Pictures in the listing below are skipped, while the lines from the "醫(yī)院,學(xué)校" line through the "Let's finish with" line are returned word for word.

Available data:
┌──

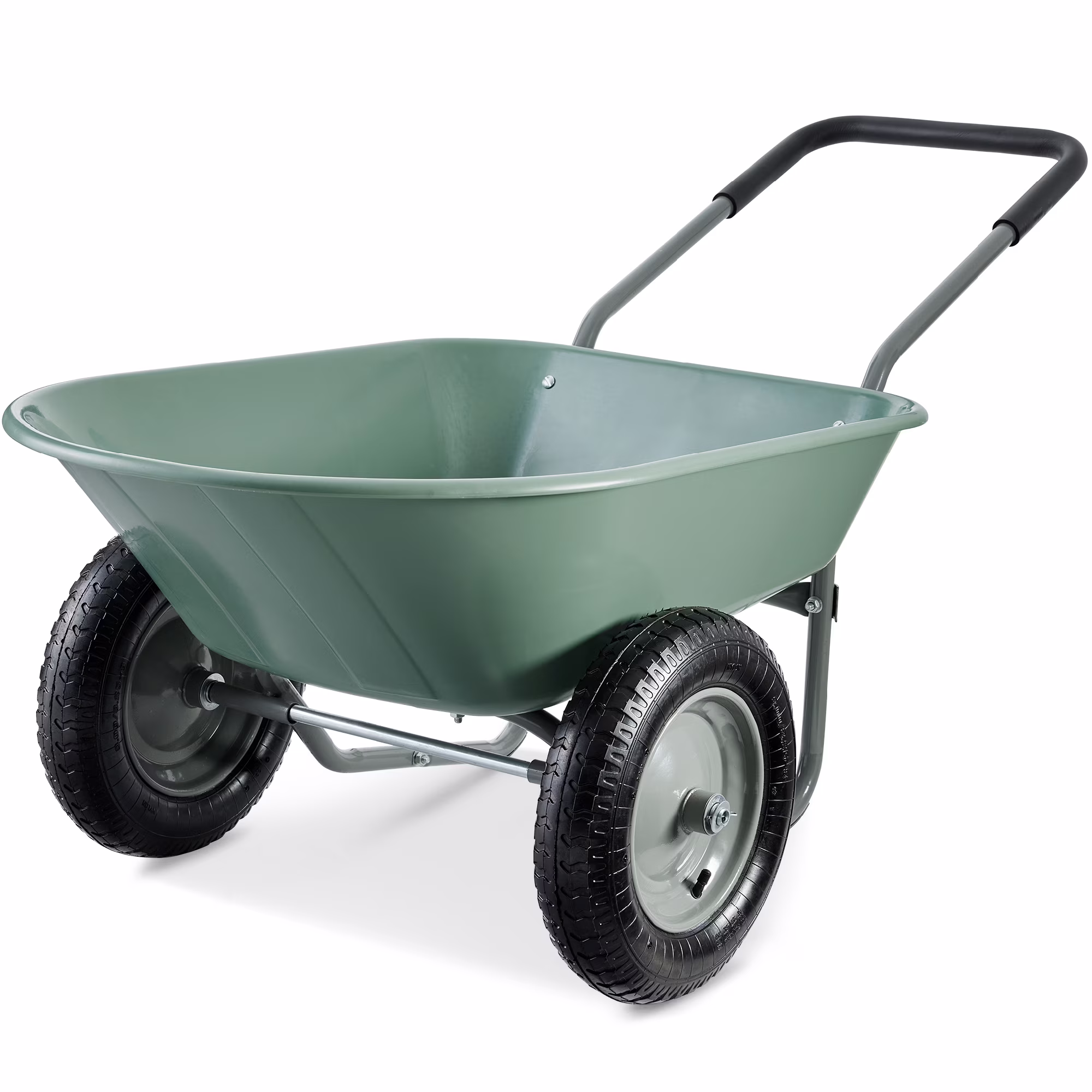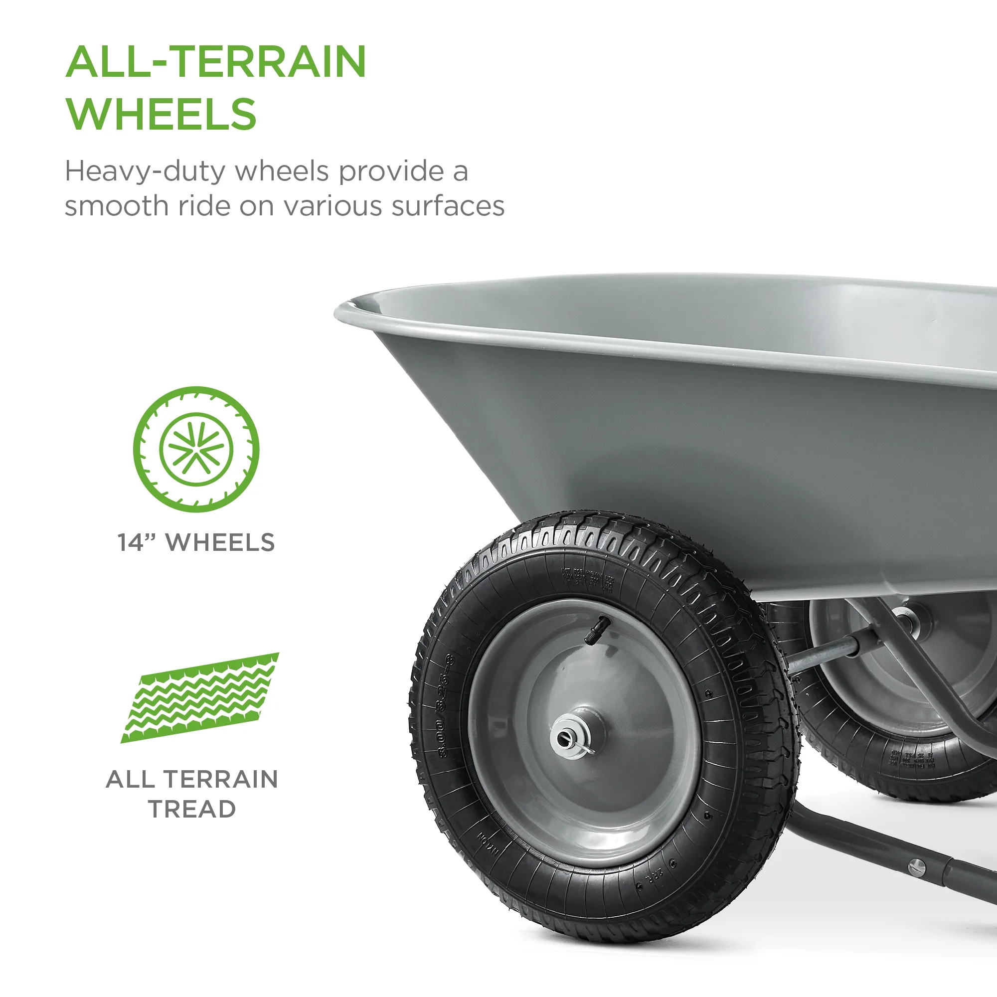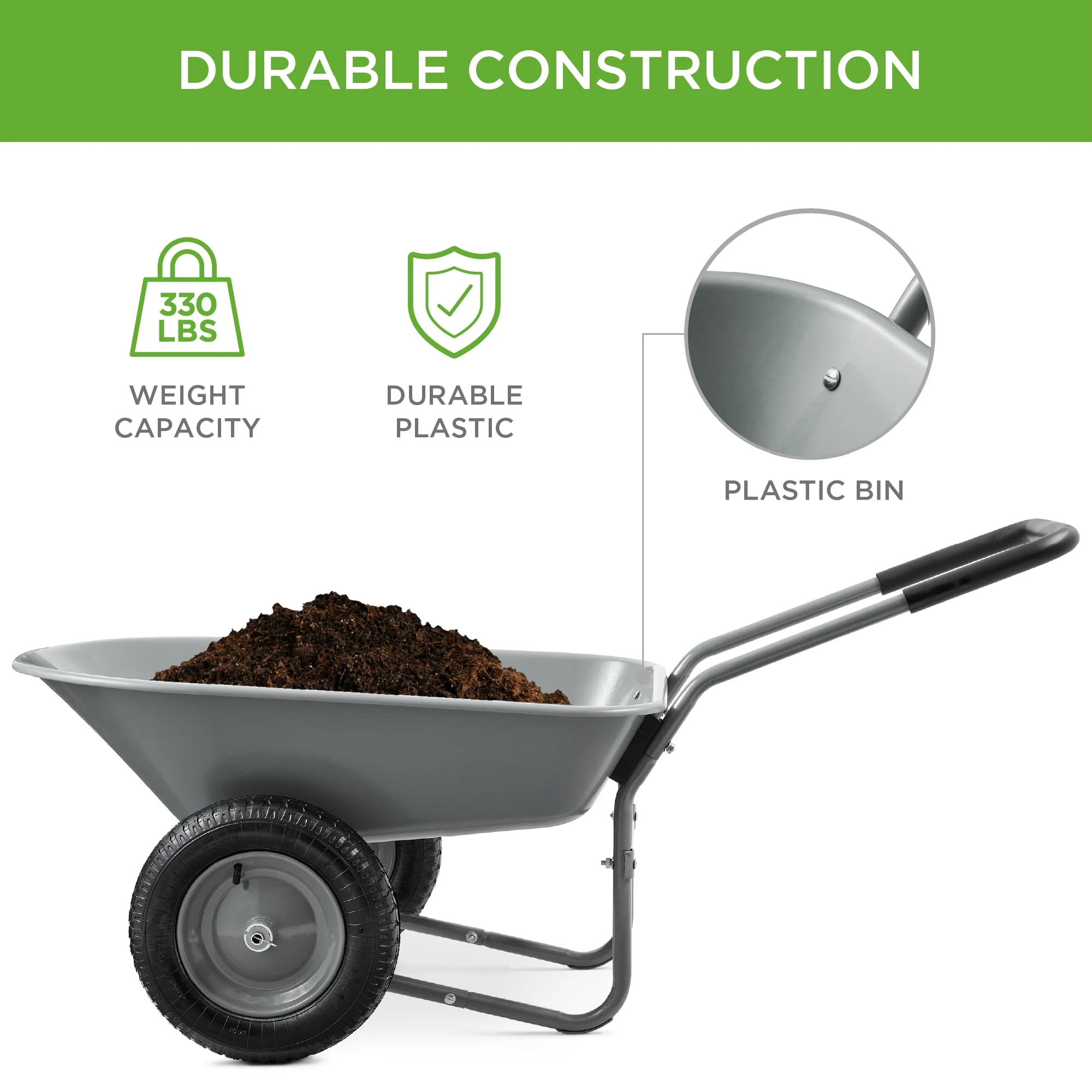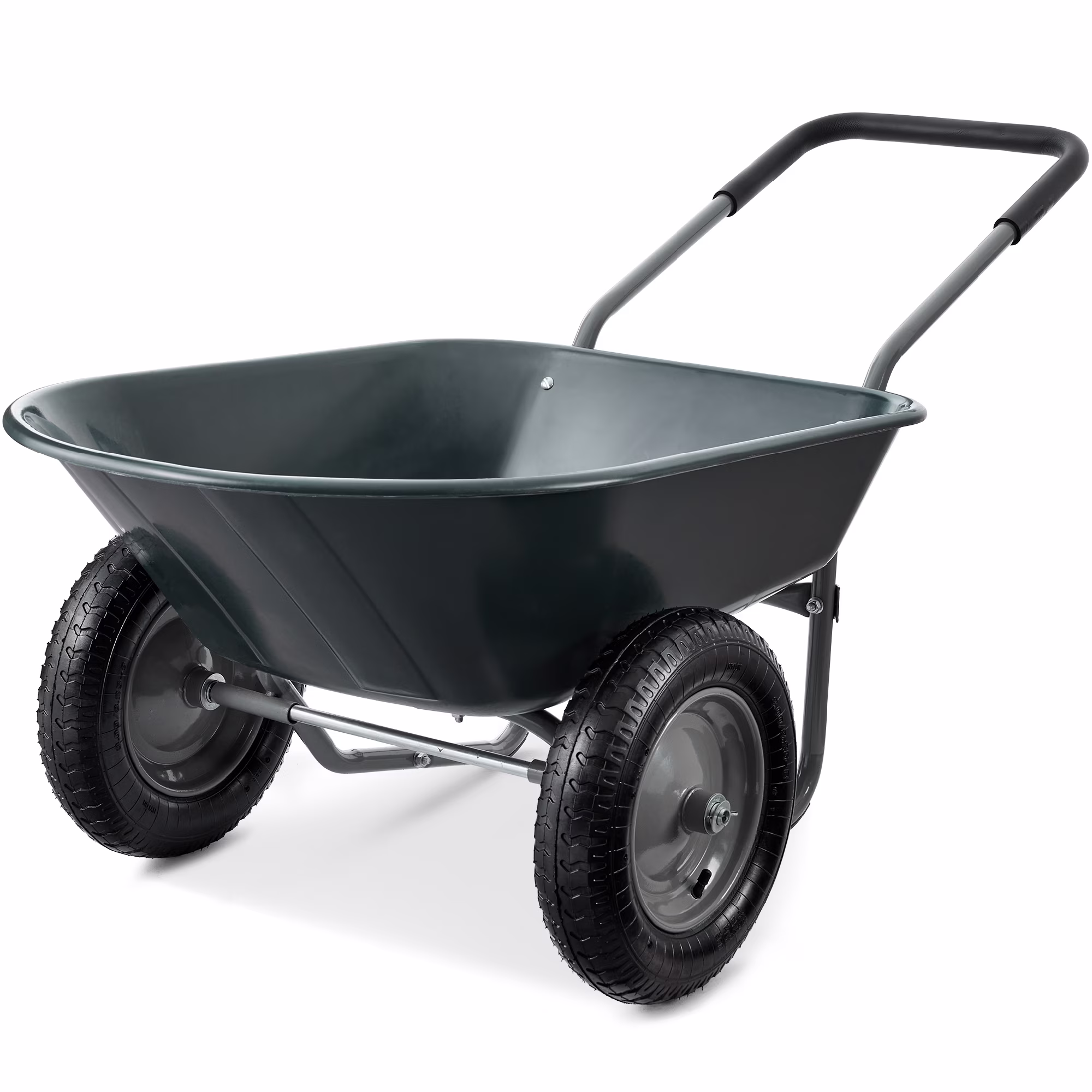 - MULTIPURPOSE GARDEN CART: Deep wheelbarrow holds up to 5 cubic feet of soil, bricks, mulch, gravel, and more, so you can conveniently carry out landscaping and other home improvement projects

└──
┌──

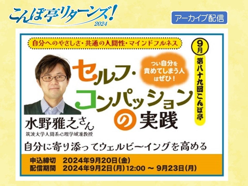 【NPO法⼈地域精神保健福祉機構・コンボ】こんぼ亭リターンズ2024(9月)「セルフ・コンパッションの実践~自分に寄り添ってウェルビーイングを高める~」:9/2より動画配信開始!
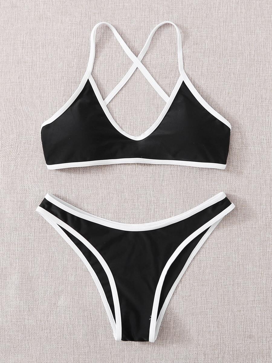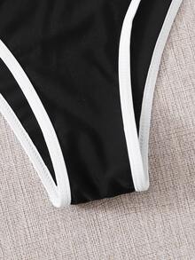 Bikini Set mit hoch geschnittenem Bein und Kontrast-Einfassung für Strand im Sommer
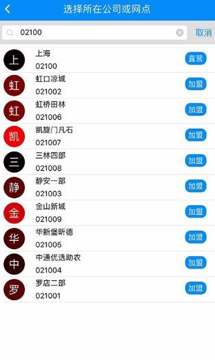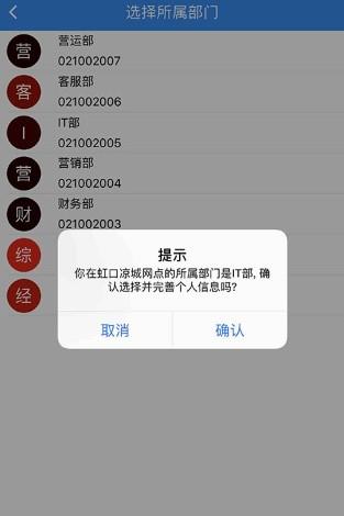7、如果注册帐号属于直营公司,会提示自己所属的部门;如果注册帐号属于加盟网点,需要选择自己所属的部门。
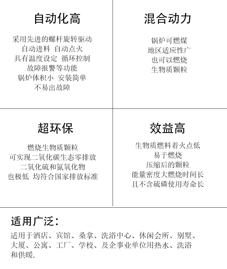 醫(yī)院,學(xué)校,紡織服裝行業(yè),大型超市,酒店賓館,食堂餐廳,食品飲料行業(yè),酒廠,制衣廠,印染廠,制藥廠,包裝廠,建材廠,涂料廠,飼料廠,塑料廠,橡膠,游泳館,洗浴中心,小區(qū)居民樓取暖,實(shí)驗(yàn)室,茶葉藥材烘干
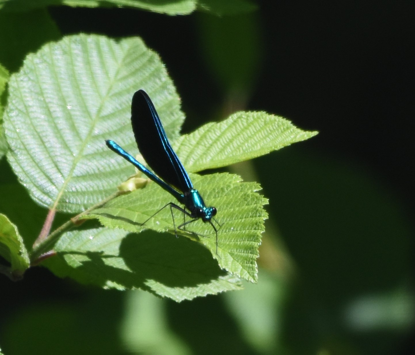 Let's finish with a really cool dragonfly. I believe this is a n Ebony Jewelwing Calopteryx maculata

└──
┌──

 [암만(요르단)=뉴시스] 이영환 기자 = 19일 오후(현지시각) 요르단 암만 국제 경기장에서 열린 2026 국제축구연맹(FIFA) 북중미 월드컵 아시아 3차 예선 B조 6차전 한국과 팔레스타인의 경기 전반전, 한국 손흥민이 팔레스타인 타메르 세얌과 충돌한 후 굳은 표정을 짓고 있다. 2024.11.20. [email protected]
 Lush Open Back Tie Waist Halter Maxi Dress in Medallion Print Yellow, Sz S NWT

└──

Task answer:
 醫(yī)院,學(xué)校,紡織服裝行業(yè),大型超市,酒店賓館,食堂餐廳,食品飲料行業(yè),酒廠,制衣廠,印染廠,制藥廠,包裝廠,建材廠,涂料廠,飼料廠,塑料廠,橡膠,游泳館,洗浴中心,小區(qū)居民樓取暖,實(shí)驗(yàn)室,茶葉藥材烘干
 Let's finish with a really cool dragonfly. I believe this is a n Ebony Jewelwing Calopteryx maculata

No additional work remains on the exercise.